▶ [Action item] Please return exactly the lines from the top of the data through the line that contains "Smoczek NUK Star", and skip all pictures.

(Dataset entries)

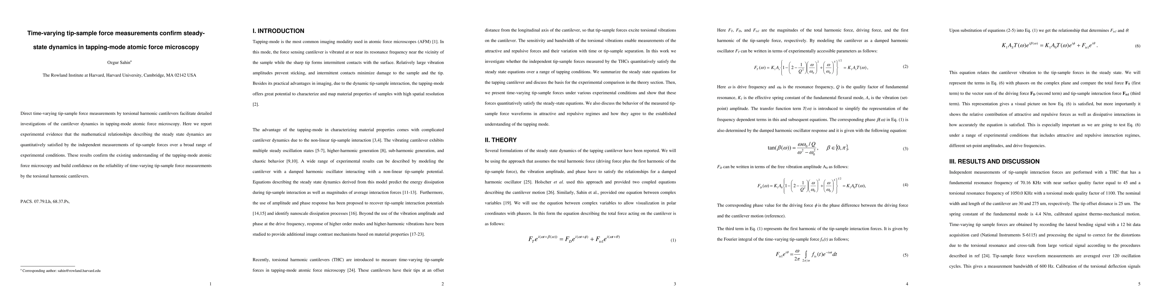 This study verifies steady-state dynamics in tapping-mode atomic force microscopy through direct time-varying tip-sample force measurements using torsional harmonic cantilevers, confirming existing theoretical models. The experimental results bolster the reliability of these force measurement techniques.
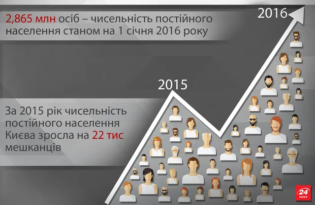 Чисельність постійного населення станом на 1 січня 2016 року досягла 2,865 мільйона осіб, наявного населення – 2,90 мільйона осіб, що більш ніж на 250 тисяч перевищує розрахунковий показник, закладений в Генплані-2020. За один лише 2015 рік чисельність постійного населення Києва зросла на 22 тисячі мешканців.
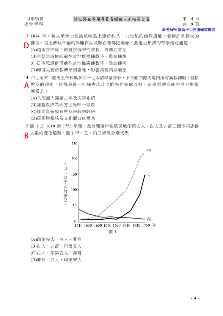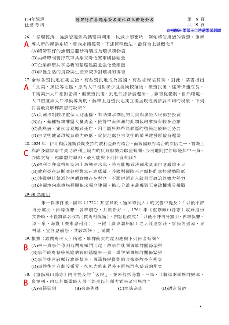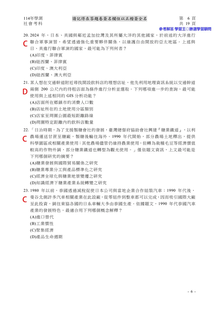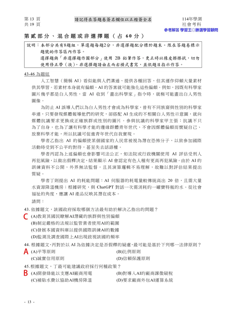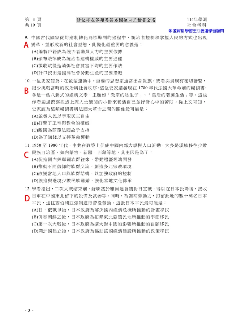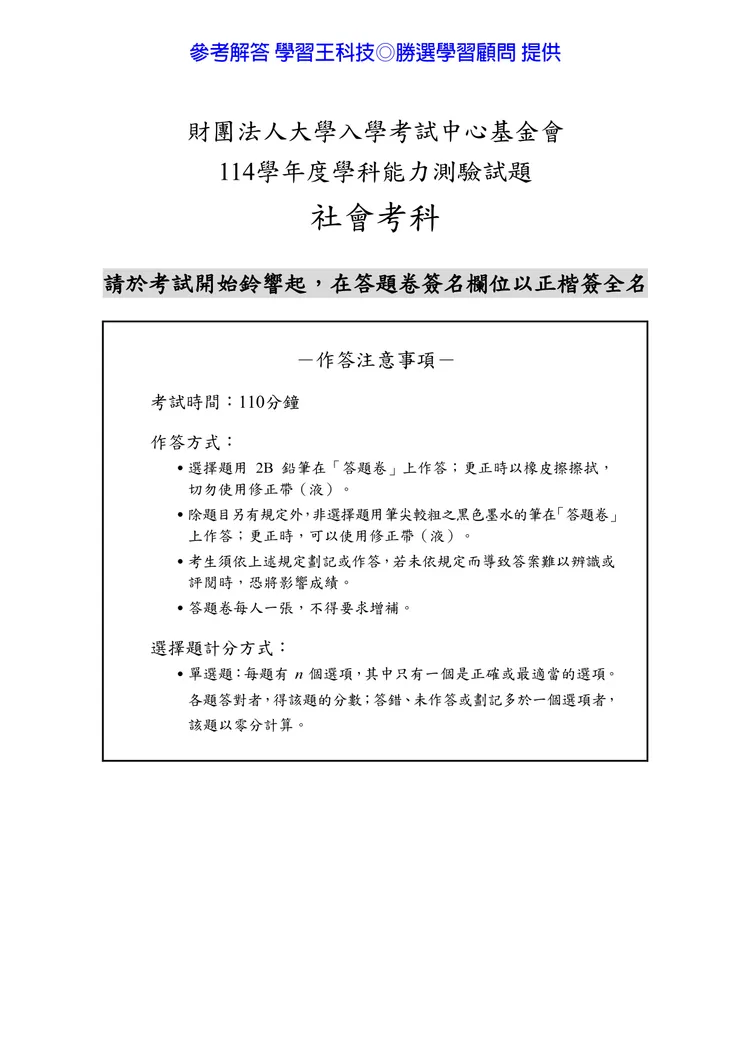 【記者黃泓哲/台北報導】】114年大學學測社會科考試已結束,大考中心公布題目,參考答案由學習王提供,正確答案仍以大考中心為準。
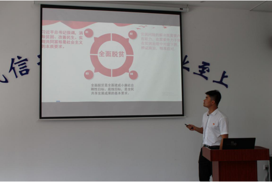 微宣講競賽結(jié)束后,緊接著開展了“黨課開講啦”活動,所屬各支部書記、優(yōu)秀黨員代表結(jié)合自己的工作實際,講述對決勝全面建成小康社會、決戰(zhàn)脫貧攻堅、打贏疫情防控阻擊戰(zhàn)等一線先進(jìn)事跡的所見所聞所悟,引起了大家的深思與共鳴,為全面打好精準(zhǔn)脫貧攻堅戰(zhàn)提供堅強(qiáng)組織保證。
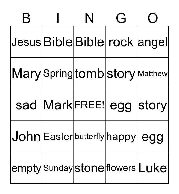This bingo card has a free space and 24 words: Easter, Sunday, tomb, empty, angel, Jesus, Mary, Bible, egg, butterfly, story, sad, happy, egg, Spring, flowers, story, Bible, Matthew, Mark, Luke, John, rock and stone.
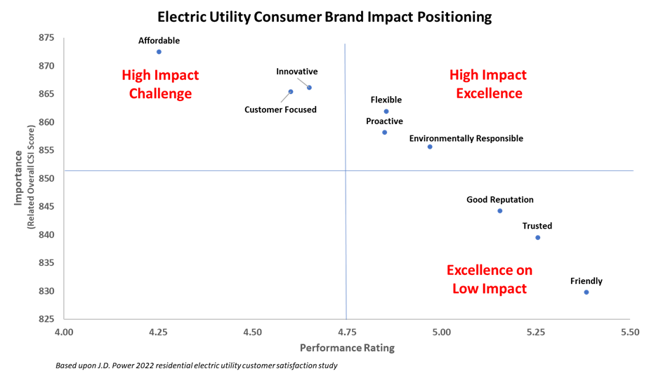 The brand positioning matrix below shows how positioning the utility as Affordable, Innovative, and Customer Focused produces the greatest impact on our Customer Satisfaction Index (CSI) scoring.
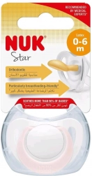 Smoczek NUK Star został zaprojektowany tak, aby respektować naturalne potrzeby ssania niemowlęcia, a jednocześnie wspierać zdrowy rozwój jamy ustnej. Miękka górna strefa delikatnie dopasowuje się do podniebienia, podczas gdy dolny kształt pozostawia miejsce na naturalne ruchy języka. Dzięki praktycznemu kółku z wysokiej jakości polipropylenu łatwo go chwycą nawet najmniejsze rączki.
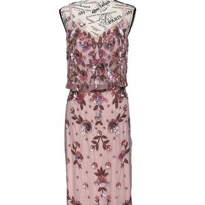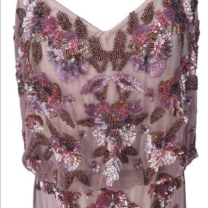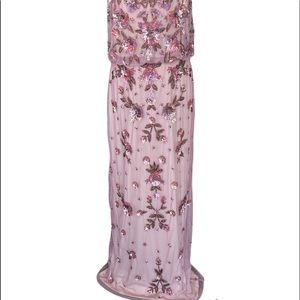 Beautiful JS Collections gown, blush color, tulle overlay with gorgeous sequins and beading, lined, straps are not adjustable, back zipper, new with tag.
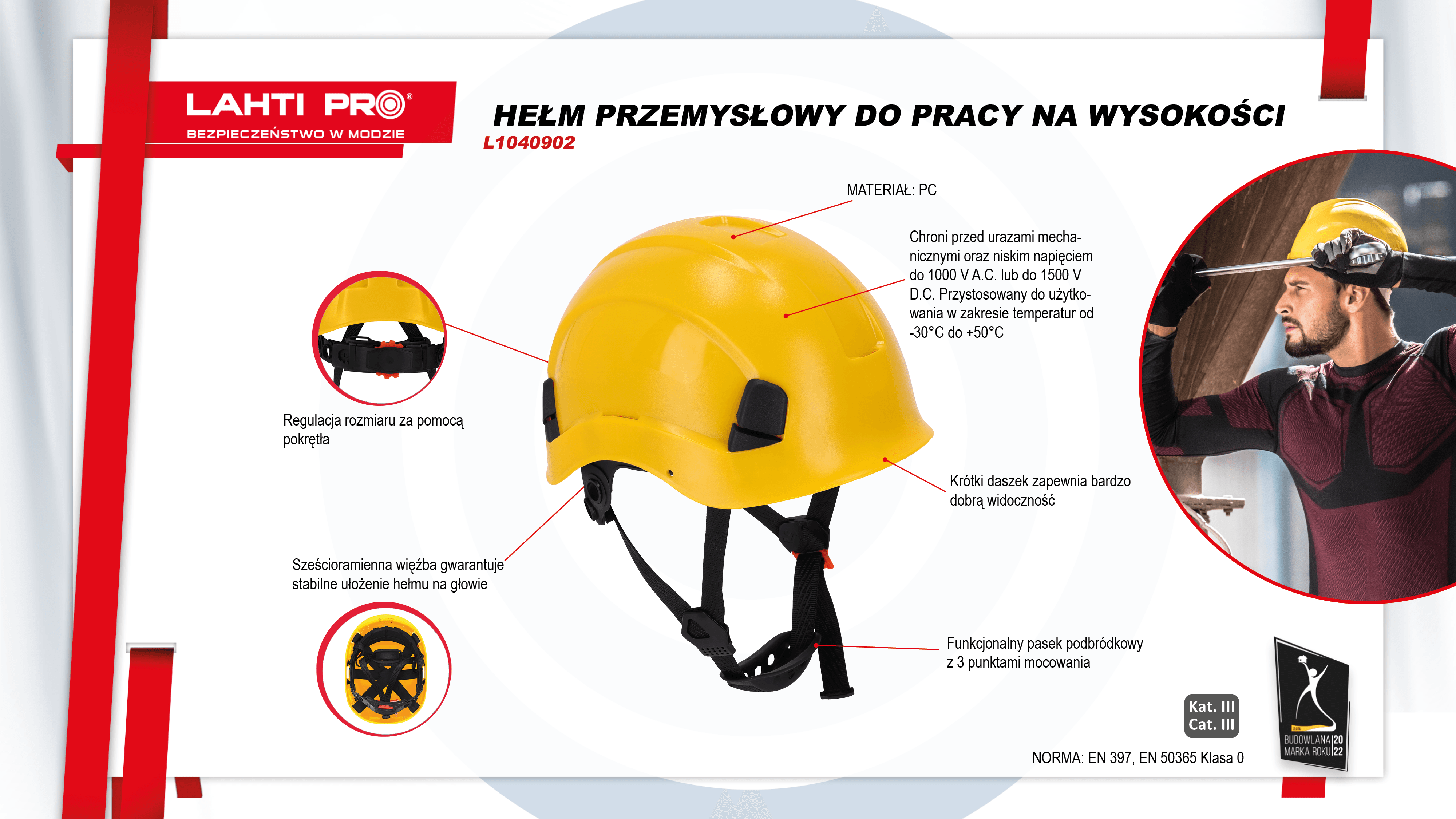 Model L1040902 posiada regulację obwodu, co umożliwia idealne dopasowanie do głowy. Wewnętrzna opaska tekstylna zapewnia komfort noszenia i stabilność, nawet przy długotrwałej pracy. Kask wyposażony jest również w otwory montażowe, które pozwalają na przymocowanie dodatkowych akcesoriów, takich jak osłony twarzy, nauszniki ochronne czy latarki.
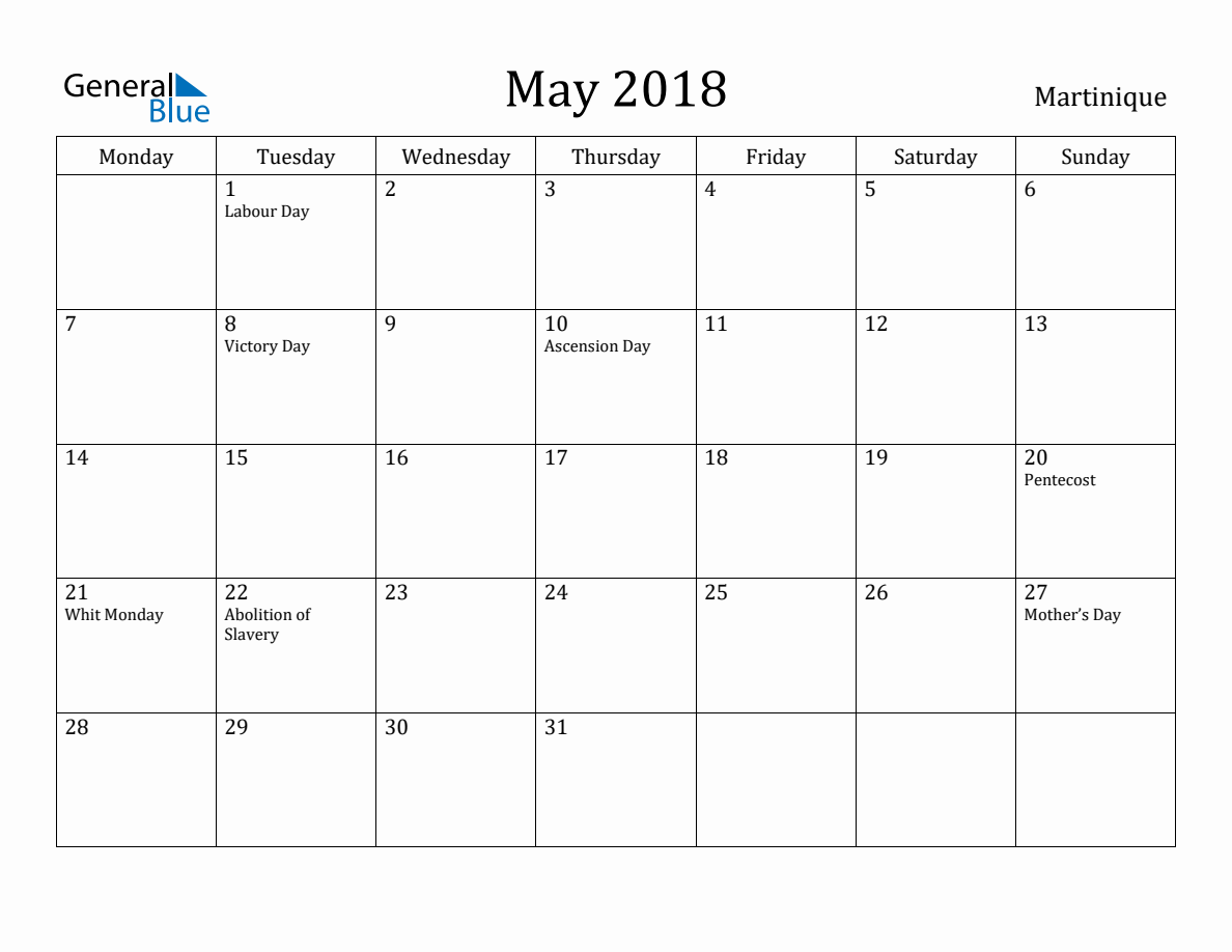 Martinique Monthly Calendar May 2018 (Monday Start)

▶ [Solution below]
 This study verifies steady-state dynamics in tapping-mode atomic force microscopy through direct time-varying tip-sample force measurements using torsional harmonic cantilevers, confirming existing theoretical models. The experimental results bolster the reliability of these force measurement techniques.
 Чисельність постійного населення станом на 1 січня 2016 року досягла 2,865 мільйона осіб, наявного населення – 2,90 мільйона осіб, що більш ніж на 250 тисяч перевищує розрахунковий показник, закладений в Генплані-2020. За один лише 2015 рік чисельність постійного населення Києва зросла на 22 тисячі мешканців.
 【記者黃泓哲/台北報導】】114年大學學測社會科考試已結束,大考中心公布題目,參考答案由學習王提供,正確答案仍以大考中心為準。
 微宣講競賽結(jié)束后,緊接著開展了“黨課開講啦”活動,所屬各支部書記、優(yōu)秀黨員代表結(jié)合自己的工作實際,講述對決勝全面建成小康社會、決戰(zhàn)脫貧攻堅、打贏疫情防控阻擊戰(zhàn)等一線先進(jìn)事跡的所見所聞所悟,引起了大家的深思與共鳴,為全面打好精準(zhǔn)脫貧攻堅戰(zhàn)提供堅強(qiáng)組織保證。
This bingo card has a free space and 24 words: Easter, Sunday, tomb, empty, angel, Jesus, Mary, Bible, egg, butterfly, story, sad, happy, egg, Spring, flowers, story, Bible, Matthew, Mark, Luke, John, rock and stone.
 The brand positioning matrix below shows how positioning the utility as Affordable, Innovative, and Customer Focused produces the greatest impact on our Customer Satisfaction Index (CSI) scoring.
 Smoczek NUK Star został zaprojektowany tak, aby respektować naturalne potrzeby ssania niemowlęcia, a jednocześnie wspierać zdrowy rozwój jamy ustnej. Miękka górna strefa delikatnie dopasowuje się do podniebienia, podczas gdy dolny kształt pozostawia miejsce na naturalne ruchy języka. Dzięki praktycznemu kółku z wysokiej jakości polipropylenu łatwo go chwycą nawet najmniejsze rączki.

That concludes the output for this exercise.